Architects: Tetsuya Nakazono / naf architect & design
Location: Hiroshima, Japan
Engineer: Kenji Nawa / NAWAKENJI-M
Program: Single family residence
Site area: 172.55 sqm
Building area: 61.38 sqm
Total floor area: 114.50 sqm
Project Year: 2009
Photographs: Noriyuki Yano / Nacasa & Partners
The site is located in a district where many traditional sake breweries preserve good old Japanese street with plaster and charred cedar walls. In winter, during sake brewing season, a cloud of steam comes out from red brick chimneys of the breweries and the scent of sake wafts in the air. “Charred Cedar House” stands in such neighborhood.
Fence made of charred cedar shields three sides of the plot to save the privacy; east side from an adjacent house, north and south side from public parking where cars come and go around the clock. West side of the house borders directly nostalgic street of traditional houses and brewery warehouses of white stucco. The house remains open to the street to blend in the scene although trees may be planted in the future.
The house consists of three layers of different nature of space. Seen from the street, the first layer is a black box, the second layer void with spindly oblique steel pillars randomly piercing the space and the third layer gable black box floating on top.
In the first layer, there is no conventional Japanese entrance to take off shoes but an entrance hall with sand cushion brick-paved floor which leads directly to all the other rooms; main bedroom, tatami room, bathroom and spiral stairs to upper layers. Entrance hall, tatami room and main bedroom are partitioned by sliding doors and when fully opened, the first layer becomes quasi-outside. Sand cushion bricks were paved in the entrance hall to make a semi-outside/ semi-inside space in terms of material and nature of space which leads gradually to more private space.
From the entrance hall, stairwell partly covered by translucent FRP passes through the second layer, void, and leads directly to the third layer. Stairwell is covered by FRP in the second layer and only light can be taken into the stairwell. It serves as “light well” during the daytime and diffuses light to first and third layer.
Up in the third layer are living, dining and kitchen. On the floor are two openings; one from the stairwell from the first layer and the other to the second layer, sole access to the open space by ladders. Third layer is wooden structure, and wood beams and roofboards are all exposed. It is a nest-like enclosed space with picture window on the north and south and tiny round windows.

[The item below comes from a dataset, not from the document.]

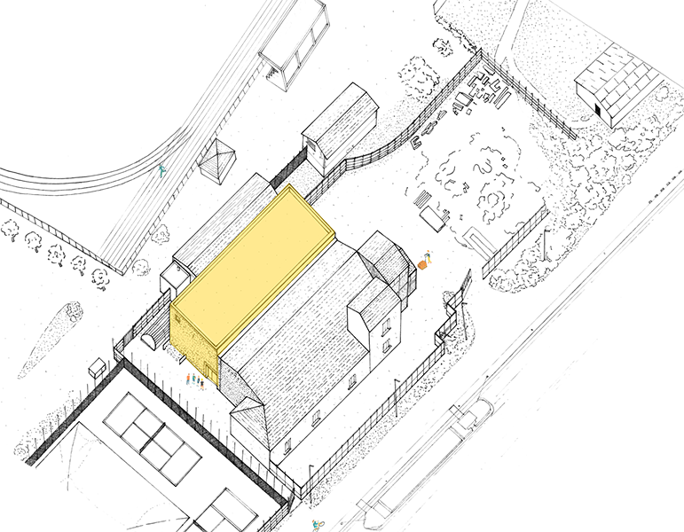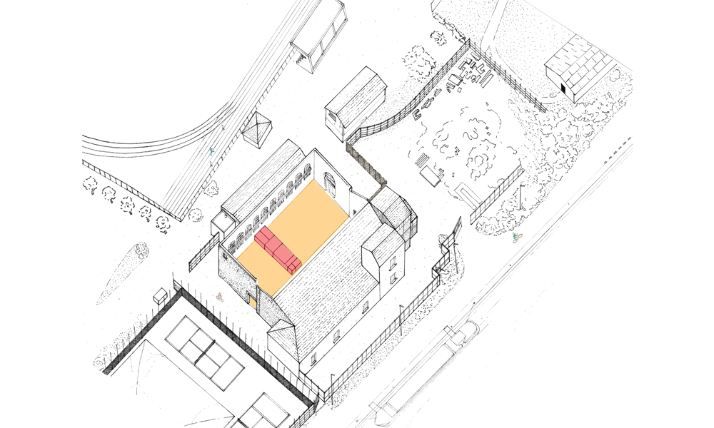 Une première étape voit l’aménagement d’environ 200m² d’ateliers d'auto-réparation et récupération de vélos dans la partie nord de l’édifice. Cette activité gagne aujourd'hui de nombreux adeptes dans les grandes villes où le vélo est une alternative écologique et pratique intéressante à la voiture. On pense par exemple aux Cyclofficines à Paris, Pantin et Ivry-sur-Seine. Nous prenons le pari de voir se développer ce phénomène en zone périurbaine, notamment dans le cadre d'une intégration intercommunale, telle que souhaitable dans la CCMSL.

Down the ladders from the third layer leads one to 360 degree-view of glass walls on the second layer which is assimilated to the open air. There are many one-story houses in the vicinity and view from the second layer stretches over far-off brewery warehouses, town houses and brick chimneys. The second layer, open and transparent, is visibly most accessible from the outside but physically least accessible and deep-set.

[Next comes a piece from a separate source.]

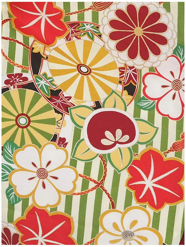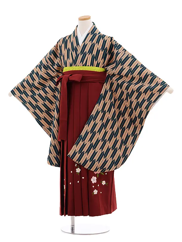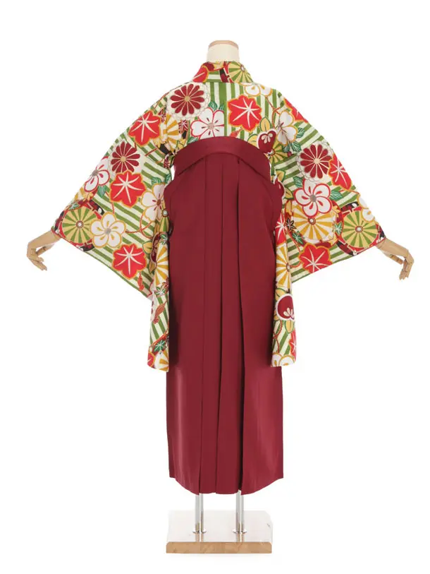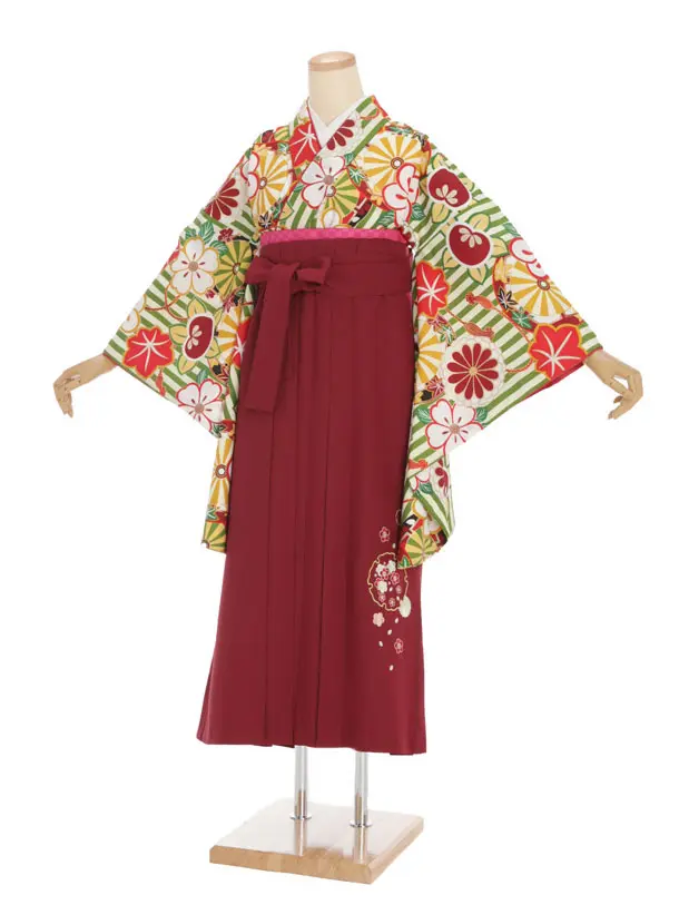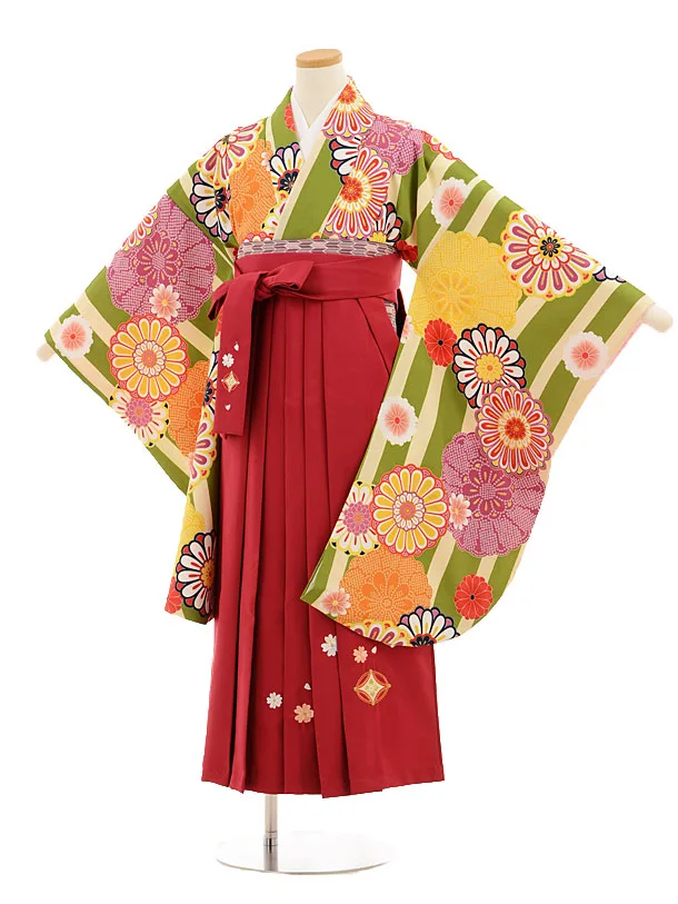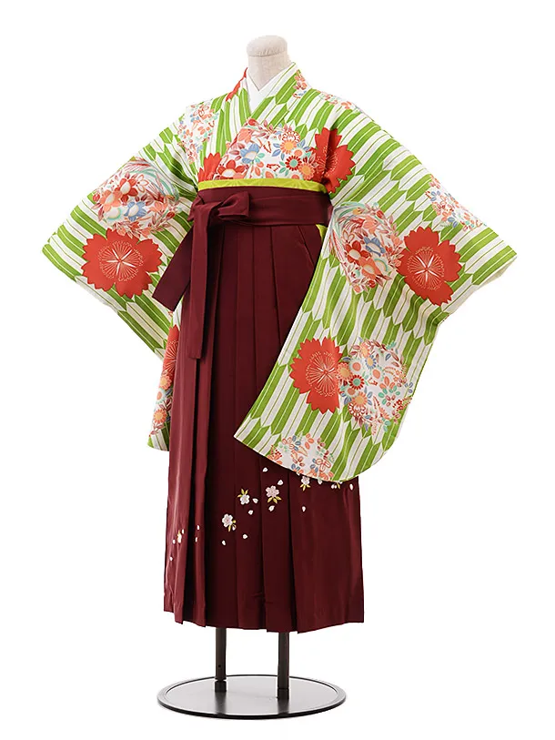 小学生卒業式袴(女の子) Z386 グリーン ストライプ x エンジ袴

Each layer of the house has different degrees of visible, physical and social accessibility from the outside which simply cannot be measured by the composition of the three layers. The complexity of the relations within the house offers various options for relations to the society.

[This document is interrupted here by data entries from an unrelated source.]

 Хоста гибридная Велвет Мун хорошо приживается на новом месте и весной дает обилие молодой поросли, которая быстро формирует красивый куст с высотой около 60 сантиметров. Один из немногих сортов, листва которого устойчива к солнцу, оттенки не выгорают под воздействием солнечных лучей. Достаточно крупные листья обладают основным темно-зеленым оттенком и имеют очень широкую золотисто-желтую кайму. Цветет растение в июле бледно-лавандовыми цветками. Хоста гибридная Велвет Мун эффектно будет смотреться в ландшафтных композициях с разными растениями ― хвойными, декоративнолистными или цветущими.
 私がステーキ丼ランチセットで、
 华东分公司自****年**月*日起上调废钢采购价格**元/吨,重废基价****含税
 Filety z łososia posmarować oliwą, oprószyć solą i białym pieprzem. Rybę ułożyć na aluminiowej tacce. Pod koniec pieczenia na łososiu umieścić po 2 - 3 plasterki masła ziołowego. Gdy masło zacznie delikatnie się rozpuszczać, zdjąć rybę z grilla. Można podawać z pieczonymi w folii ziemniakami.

Steel-frame structure was employed for first and second layers as application of slim materials is available by concentrating the stress. Third layer, on the other hand, employed wooden framework construction method which was developed from traditional Japanese method. Structure of the first and second layers is distinctive with employment of φ100㎜・φ140㎜ steel pipes for first layer andφ60㎜ steel pipes for second layer, all of which are oblique in different angles. In Japan, a seismic country, diameters of pillars tend to be large to resist the force of earthquake and installation of bearing walls with braces tends to be frequent practice. The framework is calculated on the assumption of resistance to enormous force of earthquake which does not exist in everyday life. However, pillars of extremely small diameter can resist vertical and horizontal load simultaneously when correctly tilted and positioned. When this formula is found, the space free from enormous force or conventional structure method floats in the air as natural as up above brunches of trees.